E-Commerce

What happens when India’s Largest E-commerce Platform goes public

Flipkart delivery box

Flipkart, the largest e-commerce platform in India is planning to public in a couple of years as reported by the Economic Times. CEO Kalyan Krishnamurthy announced the news recently. This marks a major shift in the e-commerce scenario of India. It will be interesting to the American retail giant, Walmart’s stance on the matter. According to the reports, Walmart might as well, partly or completely, withdraw from the Indian E-commerce giant while it goes public in the US. Currently, Flipkart’s 77% controlling stakes are owned by Walmart which was sold for a whopping $16 billion last year.

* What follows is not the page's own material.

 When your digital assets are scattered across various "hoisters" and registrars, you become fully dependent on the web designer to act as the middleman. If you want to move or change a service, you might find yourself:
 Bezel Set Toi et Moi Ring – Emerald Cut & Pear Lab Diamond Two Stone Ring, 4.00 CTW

The Business Standard reported that the during the deal between Walmart and Flipkart, it was decided that the American retailer will support the ambition of the Indian giant to go public in the future if the group of minority shareholders ask for it. Flipkart would become a majority-owned publicly-invested subsidiary of Walmart. It should be noted that the acquisition of Flipkart was crucial for its growth in the global retail sector and also to beat the online retail behemoth Amazon in the e-commerce game.

According to the reports, the clause of the deal between Walmart and Flipkart mentions that Walmart has the right to invest around $3 billion more in Flipkart and that too at the same valuation. This implies that the shareholding of Walmart in Flipkart would cross 85% mark. The impact of this situation would be the revoking of some of the major rights of the minority shareholders such as Tencent, Tiger Global, Microsoft, Binny Bansal and so on.

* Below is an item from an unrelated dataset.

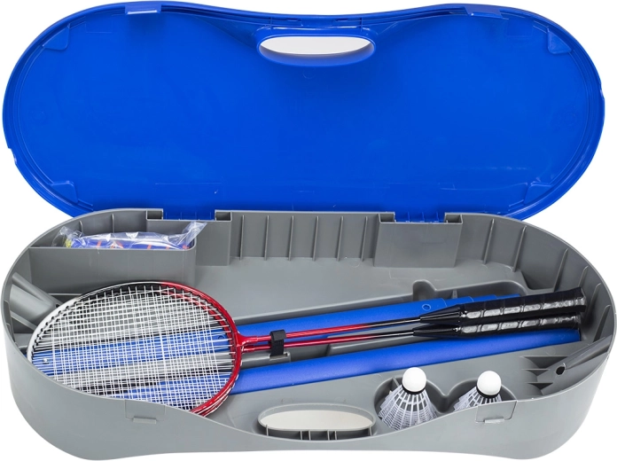Díky lehké konstrukci z polypropylenu a polykarbonových vláken je systém snadno přenosný, ale zároveň dostatečně pevný. Síť z PE s lemováním z tkaniny Oxford odolá opakovanému používání venku i uvnitř. V balení najdete také 2 badmintonové rakety a vše uložíte do kompaktního kufříku o rozměrech 71 × 30 × 13,5 cm.
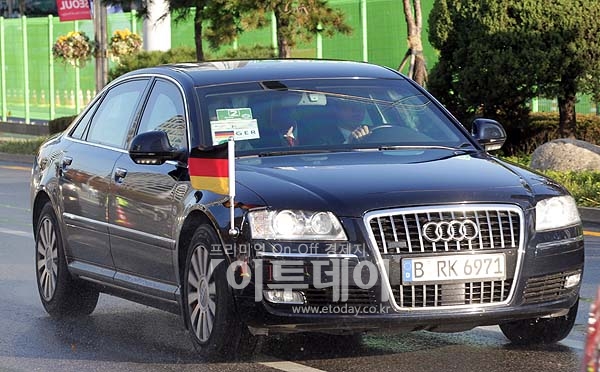 서울 G20 정상회의 둘째날인 12일 오전 독일 의전차량이 회의가 열리는 서울 삼성동 코엑스로 향하고 있다.

Interestingly, the company that is in line to invest a huge amount in Wlamart-owned Flipkart is Alphabet, the parent company of the internet behemoth Google. This is a strategic investment as it seems from the outset. The reasons behind the investments are:

  1. Flipkart will get the technology advantage over Amazon with Google’s help
  2. Google will get a strong hold on the global retail and e-commerce sector
  3. Google Pay and Flipkart’s PhonePe can work together to dig deeper in digital payments ecosystem
  4. Google’s hardware such as the popular Pixel series and its Home series of products will get a good platform especially in India to sell.

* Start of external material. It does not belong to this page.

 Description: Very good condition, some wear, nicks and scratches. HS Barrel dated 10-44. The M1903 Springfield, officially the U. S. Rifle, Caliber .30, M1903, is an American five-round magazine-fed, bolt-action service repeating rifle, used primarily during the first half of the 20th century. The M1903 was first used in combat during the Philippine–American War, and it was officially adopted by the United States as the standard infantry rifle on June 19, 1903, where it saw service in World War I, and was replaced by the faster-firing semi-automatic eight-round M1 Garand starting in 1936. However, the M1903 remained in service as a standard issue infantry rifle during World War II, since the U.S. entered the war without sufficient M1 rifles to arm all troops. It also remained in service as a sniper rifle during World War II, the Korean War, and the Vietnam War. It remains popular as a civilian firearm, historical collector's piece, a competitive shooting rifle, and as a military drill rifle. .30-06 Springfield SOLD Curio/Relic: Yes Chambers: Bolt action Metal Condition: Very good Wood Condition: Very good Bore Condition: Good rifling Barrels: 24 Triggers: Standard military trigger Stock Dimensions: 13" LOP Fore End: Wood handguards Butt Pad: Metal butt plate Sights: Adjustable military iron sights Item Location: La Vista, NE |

Digital Payments have seen a massive growth in India in the past 2 years especially after the demonetization move by the current government in 2016. This opens up a huge market for the technology companies across the world to try out the new business and taste success. Google have been quite successful in India with its Google Tez that later changed its name to Google Pay and is now available worldwide. However, Flipkart is also a huge player in the Indian market after the likes of Paytm and Indian Government’s very own BHIM app. So it is in Google’s interest to join hands with the Indian giant and grow above the competitors in India.

Flipkart’s IPO and that too in the US stock market can prove to be a huge boost to the Indian startup ecosystem as a whole. It will also act as an inspiration for the Indian tech based startups to perform well and go international in the near future.